Work order: Look for the line that has "Retained earnings, december" in the material below; please repeat it and every line after it, exactly, up to and including the line that has "水彩 イラスト 北欧インテリア", and nothing else.

Material shown:
=-=-=-=-=
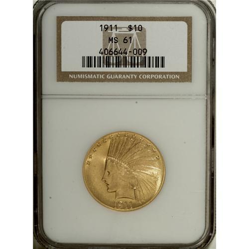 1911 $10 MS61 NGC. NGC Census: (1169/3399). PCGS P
=-=-=-=-=
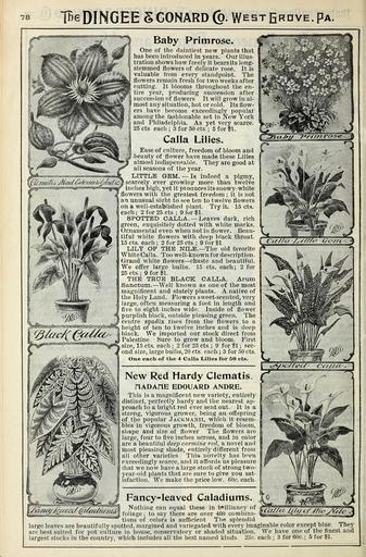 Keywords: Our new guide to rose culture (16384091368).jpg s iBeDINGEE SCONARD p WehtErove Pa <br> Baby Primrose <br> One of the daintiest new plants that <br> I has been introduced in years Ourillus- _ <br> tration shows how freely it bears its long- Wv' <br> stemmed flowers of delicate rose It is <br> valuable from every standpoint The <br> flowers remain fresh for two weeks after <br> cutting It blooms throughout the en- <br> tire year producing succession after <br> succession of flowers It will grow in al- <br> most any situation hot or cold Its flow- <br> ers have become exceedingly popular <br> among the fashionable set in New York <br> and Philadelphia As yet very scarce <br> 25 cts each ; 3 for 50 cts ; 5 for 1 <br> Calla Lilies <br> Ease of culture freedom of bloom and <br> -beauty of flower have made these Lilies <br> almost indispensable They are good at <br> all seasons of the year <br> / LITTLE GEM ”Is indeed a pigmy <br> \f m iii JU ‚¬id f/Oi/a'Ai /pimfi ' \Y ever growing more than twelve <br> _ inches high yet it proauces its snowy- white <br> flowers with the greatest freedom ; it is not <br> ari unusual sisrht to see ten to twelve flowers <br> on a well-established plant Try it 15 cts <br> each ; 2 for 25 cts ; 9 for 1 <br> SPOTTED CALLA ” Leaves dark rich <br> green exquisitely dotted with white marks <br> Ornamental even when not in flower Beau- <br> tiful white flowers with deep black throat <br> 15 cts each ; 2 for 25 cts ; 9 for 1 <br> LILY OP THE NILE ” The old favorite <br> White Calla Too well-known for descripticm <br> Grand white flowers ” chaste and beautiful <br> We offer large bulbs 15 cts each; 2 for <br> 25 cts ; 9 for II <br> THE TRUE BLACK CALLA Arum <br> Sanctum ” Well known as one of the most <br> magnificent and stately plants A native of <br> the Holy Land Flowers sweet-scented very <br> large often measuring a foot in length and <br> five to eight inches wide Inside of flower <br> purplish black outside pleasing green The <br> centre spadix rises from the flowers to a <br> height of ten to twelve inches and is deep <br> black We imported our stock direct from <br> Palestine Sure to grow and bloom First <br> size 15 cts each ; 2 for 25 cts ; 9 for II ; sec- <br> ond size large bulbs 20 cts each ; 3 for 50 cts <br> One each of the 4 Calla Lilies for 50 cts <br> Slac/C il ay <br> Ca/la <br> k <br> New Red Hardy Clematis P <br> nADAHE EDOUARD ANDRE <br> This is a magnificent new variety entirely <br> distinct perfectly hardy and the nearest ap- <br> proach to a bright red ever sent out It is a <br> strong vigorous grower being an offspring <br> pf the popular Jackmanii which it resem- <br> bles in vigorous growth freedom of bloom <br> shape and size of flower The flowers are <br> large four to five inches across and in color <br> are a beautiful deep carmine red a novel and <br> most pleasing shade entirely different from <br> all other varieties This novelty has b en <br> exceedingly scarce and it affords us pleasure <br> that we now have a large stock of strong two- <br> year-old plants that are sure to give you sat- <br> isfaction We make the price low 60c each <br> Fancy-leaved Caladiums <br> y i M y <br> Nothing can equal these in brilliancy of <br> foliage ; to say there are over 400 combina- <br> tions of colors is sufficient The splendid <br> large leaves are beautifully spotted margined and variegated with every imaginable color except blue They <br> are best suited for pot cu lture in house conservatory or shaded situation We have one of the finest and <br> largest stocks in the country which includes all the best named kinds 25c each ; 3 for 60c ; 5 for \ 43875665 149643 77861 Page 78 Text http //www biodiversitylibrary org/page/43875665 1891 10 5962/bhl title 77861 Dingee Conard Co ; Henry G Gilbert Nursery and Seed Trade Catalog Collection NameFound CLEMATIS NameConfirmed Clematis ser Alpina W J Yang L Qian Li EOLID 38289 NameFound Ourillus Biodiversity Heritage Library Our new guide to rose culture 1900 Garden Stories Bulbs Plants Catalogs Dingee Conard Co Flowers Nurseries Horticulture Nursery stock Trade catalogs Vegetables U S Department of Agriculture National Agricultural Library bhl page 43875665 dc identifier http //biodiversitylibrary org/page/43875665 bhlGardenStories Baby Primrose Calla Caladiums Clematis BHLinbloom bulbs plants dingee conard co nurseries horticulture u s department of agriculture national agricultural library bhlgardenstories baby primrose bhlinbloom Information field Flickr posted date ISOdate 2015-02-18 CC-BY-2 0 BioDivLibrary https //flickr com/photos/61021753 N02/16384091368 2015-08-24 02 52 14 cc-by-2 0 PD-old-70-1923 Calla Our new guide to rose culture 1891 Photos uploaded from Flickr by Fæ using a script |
=-=-=-=-=
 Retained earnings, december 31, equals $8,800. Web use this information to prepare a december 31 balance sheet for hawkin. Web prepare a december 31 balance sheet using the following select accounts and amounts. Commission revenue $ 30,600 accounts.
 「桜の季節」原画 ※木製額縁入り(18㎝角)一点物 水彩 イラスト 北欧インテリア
=-=-=-=-=
Expected answer:
 Retained earnings, december 31, equals $8,800. Web use this information to prepare a december 31 balance sheet for hawkin. Web prepare a december 31 balance sheet using the following select accounts and amounts. Commission revenue $ 30,600 accounts.
 「桜の季節」原画 ※木製額縁入り(18㎝角)一点物 水彩 イラスト 北欧インテリア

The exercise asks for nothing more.